### Task details
Set the whole listing down again, word for word, with no pictures.

Dataset section: Begin

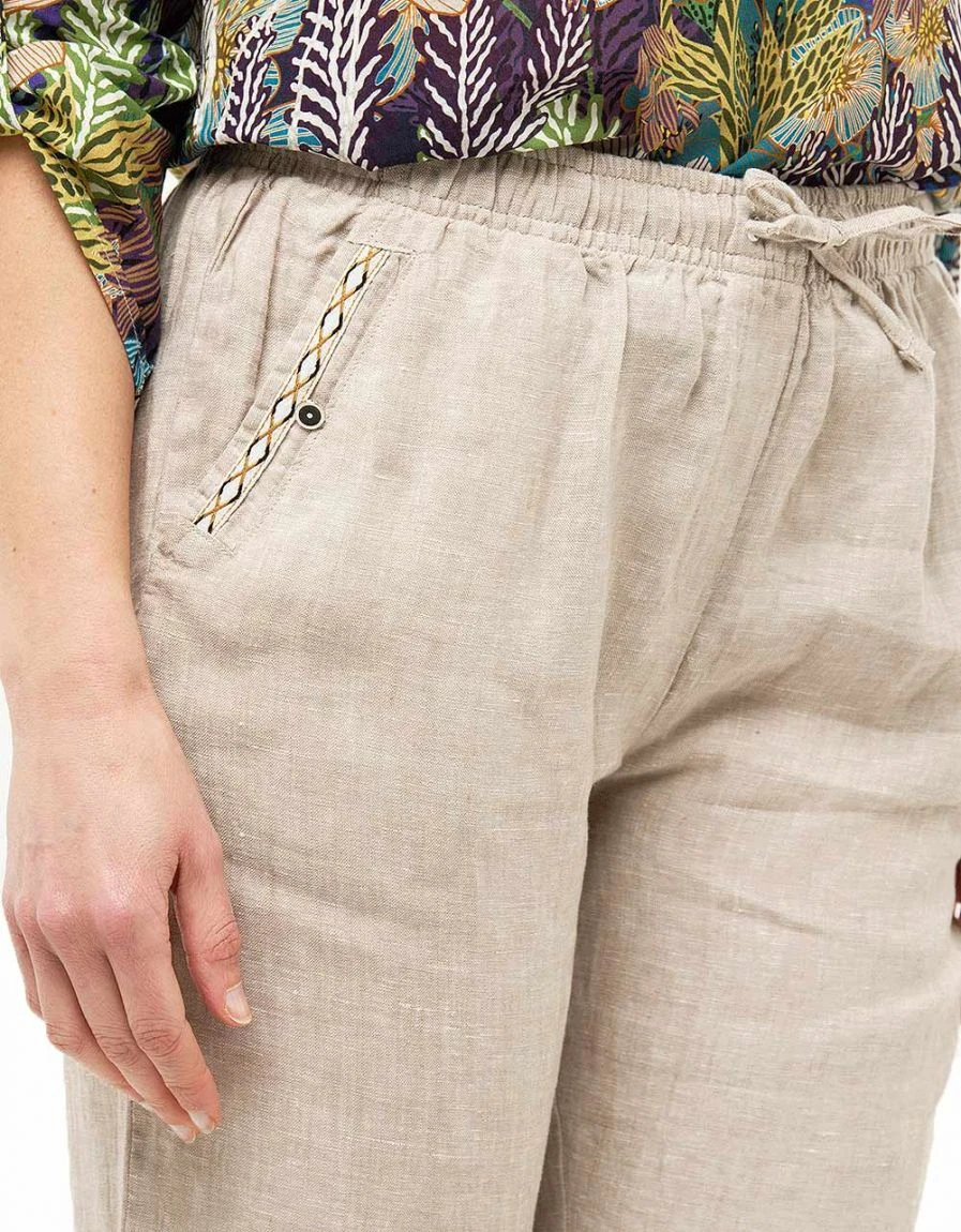 Voilà une pièce qui s’impose dans votre dressing : le pantacourt en lin. Fraicheur et confort sont les maitres mots de ce pantacourt aux nombreux atouts. La toile de lin, la jolie couleur beige sable, le galon brodé qui souligne les poches, la taille élastiquée, autant de détails irrésistibles pour un look parfait.
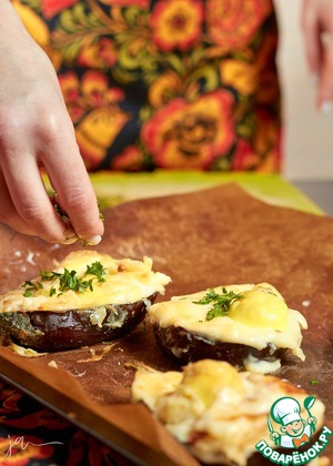 • Выложить в баклажановые лодочки плавленый сыр Hochland сливочный.
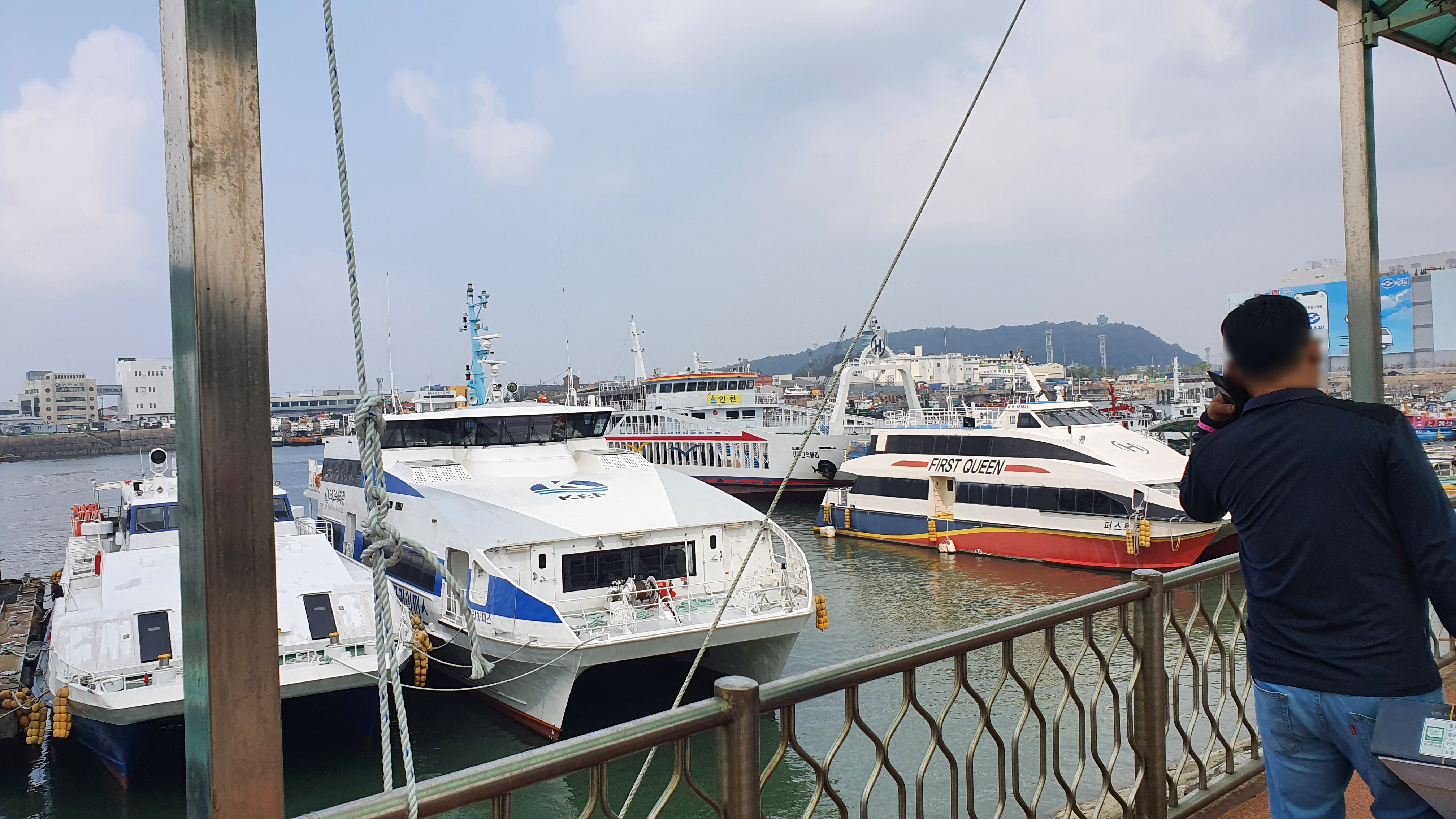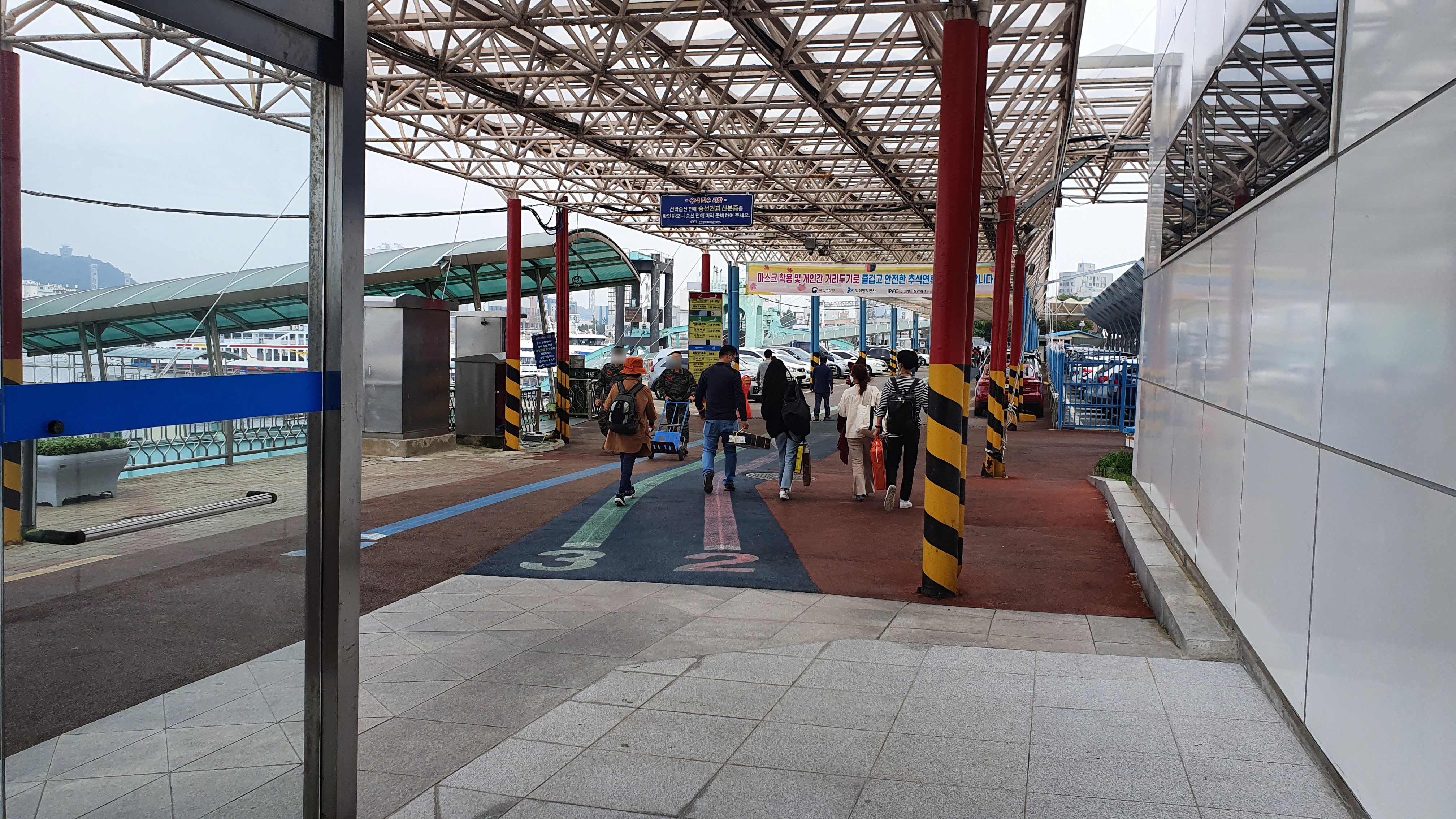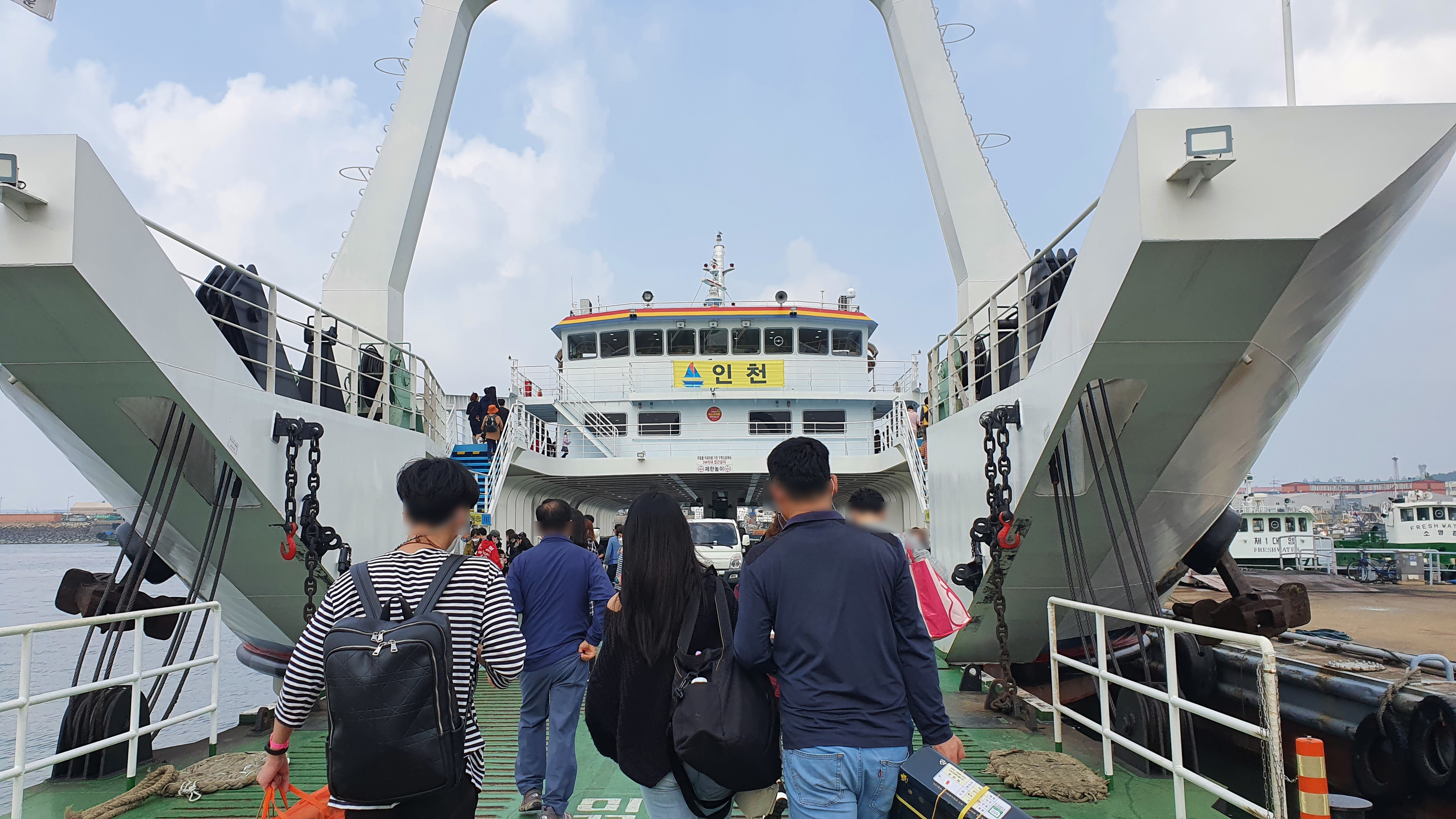 들어가는 배는 두 가지가 있는데 차도선과 여객선이 있는데 차도선 시간이 젤 이른 것 같아서 그거 타고 들어가기로 함.

Dataset section: End

### Final answer
 Voilà une pièce qui s’impose dans votre dressing : le pantacourt en lin. Fraicheur et confort sont les maitres mots de ce pantacourt aux nombreux atouts. La toile de lin, la jolie couleur beige sable, le galon brodé qui souligne les poches, la taille élastiquée, autant de détails irrésistibles pour un look parfait.
 • Выложить в баклажановые лодочки плавленый сыр Hochland сливочный.
 들어가는 배는 두 가지가 있는데 차도선과 여객선이 있는데 차도선 시간이 젤 이른 것 같아서 그거 타고 들어가기로 함.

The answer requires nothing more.